== Material for this exercise
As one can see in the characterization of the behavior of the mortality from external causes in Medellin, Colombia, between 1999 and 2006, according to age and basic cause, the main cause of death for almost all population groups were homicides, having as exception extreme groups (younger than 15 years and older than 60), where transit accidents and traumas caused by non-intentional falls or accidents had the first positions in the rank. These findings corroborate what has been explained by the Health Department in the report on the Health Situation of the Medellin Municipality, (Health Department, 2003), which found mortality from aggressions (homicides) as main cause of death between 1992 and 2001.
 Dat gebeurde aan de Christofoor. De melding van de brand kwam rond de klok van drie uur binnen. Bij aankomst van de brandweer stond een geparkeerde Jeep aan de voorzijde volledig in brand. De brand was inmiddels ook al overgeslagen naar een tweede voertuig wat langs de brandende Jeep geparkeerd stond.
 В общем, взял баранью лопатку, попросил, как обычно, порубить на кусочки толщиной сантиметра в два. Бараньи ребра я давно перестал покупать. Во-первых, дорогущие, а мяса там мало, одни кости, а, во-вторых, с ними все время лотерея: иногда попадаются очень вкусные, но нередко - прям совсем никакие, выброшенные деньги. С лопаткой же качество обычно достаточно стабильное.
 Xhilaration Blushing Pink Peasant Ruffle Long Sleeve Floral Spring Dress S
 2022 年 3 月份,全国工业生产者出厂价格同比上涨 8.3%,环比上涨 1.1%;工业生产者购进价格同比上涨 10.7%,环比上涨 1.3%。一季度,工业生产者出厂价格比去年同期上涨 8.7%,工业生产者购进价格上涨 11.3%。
====
== Material for this exercise
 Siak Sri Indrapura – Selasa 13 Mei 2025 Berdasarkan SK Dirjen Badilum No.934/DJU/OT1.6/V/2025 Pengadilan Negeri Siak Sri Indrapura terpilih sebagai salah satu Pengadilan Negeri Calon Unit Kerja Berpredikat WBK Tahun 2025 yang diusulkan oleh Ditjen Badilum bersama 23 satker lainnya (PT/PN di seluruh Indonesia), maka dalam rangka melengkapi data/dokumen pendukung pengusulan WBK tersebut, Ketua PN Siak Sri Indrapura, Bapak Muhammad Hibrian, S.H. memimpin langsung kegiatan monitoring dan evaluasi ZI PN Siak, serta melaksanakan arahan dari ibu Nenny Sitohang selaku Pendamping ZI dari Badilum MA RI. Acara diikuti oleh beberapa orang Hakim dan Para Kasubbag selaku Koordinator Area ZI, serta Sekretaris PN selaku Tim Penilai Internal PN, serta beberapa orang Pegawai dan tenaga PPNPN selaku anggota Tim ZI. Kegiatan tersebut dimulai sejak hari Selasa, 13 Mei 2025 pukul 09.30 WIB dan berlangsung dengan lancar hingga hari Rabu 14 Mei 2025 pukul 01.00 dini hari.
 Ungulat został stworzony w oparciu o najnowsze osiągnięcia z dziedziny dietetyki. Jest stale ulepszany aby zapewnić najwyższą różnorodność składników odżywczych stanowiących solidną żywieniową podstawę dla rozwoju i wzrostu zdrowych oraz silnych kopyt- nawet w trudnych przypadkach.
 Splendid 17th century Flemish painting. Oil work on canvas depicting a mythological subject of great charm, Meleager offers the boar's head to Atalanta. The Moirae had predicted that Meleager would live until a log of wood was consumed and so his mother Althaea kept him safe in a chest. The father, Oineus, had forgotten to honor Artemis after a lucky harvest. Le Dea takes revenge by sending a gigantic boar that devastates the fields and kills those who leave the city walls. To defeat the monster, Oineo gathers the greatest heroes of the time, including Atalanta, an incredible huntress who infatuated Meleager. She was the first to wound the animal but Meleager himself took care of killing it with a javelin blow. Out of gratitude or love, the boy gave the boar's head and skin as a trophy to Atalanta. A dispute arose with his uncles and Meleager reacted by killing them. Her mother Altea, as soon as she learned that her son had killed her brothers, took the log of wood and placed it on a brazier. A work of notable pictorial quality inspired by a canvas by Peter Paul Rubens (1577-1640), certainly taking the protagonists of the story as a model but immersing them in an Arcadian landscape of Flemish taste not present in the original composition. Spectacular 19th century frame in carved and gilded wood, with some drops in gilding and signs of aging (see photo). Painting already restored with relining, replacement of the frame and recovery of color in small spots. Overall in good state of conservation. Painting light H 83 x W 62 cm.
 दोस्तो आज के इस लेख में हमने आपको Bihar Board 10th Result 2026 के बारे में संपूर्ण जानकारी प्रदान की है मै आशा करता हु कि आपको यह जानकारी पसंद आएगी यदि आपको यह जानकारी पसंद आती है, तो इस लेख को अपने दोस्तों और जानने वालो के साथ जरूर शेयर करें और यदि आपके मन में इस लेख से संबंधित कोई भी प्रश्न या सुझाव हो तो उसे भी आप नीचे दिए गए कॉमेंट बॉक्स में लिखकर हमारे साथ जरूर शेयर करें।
====
● Work instruction
Only one stretch of the data above is needed. Restate it word for word, from the line containing "As one can see" through the line containing "2022 年 3 月份,全国工业生产者出厂价格同比上涨", both ends included.

● Expected output
As one can see in the characterization of the behavior of the mortality from external causes in Medellin, Colombia, between 1999 and 2006, according to age and basic cause, the main cause of death for almost all population groups were homicides, having as exception extreme groups (younger than 15 years and older than 60), where transit accidents and traumas caused by non-intentional falls or accidents had the first positions in the rank. These findings corroborate what has been explained by the Health Department in the report on the Health Situation of the Medellin Municipality, (Health Department, 2003), which found mortality from aggressions (homicides) as main cause of death between 1992 and 2001.
 Dat gebeurde aan de Christofoor. De melding van de brand kwam rond de klok van drie uur binnen. Bij aankomst van de brandweer stond een geparkeerde Jeep aan de voorzijde volledig in brand. De brand was inmiddels ook al overgeslagen naar een tweede voertuig wat langs de brandende Jeep geparkeerd stond.
 В общем, взял баранью лопатку, попросил, как обычно, порубить на кусочки толщиной сантиметра в два. Бараньи ребра я давно перестал покупать. Во-первых, дорогущие, а мяса там мало, одни кости, а, во-вторых, с ними все время лотерея: иногда попадаются очень вкусные, но нередко - прям совсем никакие, выброшенные деньги. С лопаткой же качество обычно достаточно стабильное.
 Xhilaration Blushing Pink Peasant Ruffle Long Sleeve Floral Spring Dress S
 2022 年 3 月份,全国工业生产者出厂价格同比上涨 8.3%,环比上涨 1.1%;工业生产者购进价格同比上涨 10.7%,环比上涨 1.3%。一季度,工业生产者出厂价格比去年同期上涨 8.7%,工业生产者购进价格上涨 11.3%。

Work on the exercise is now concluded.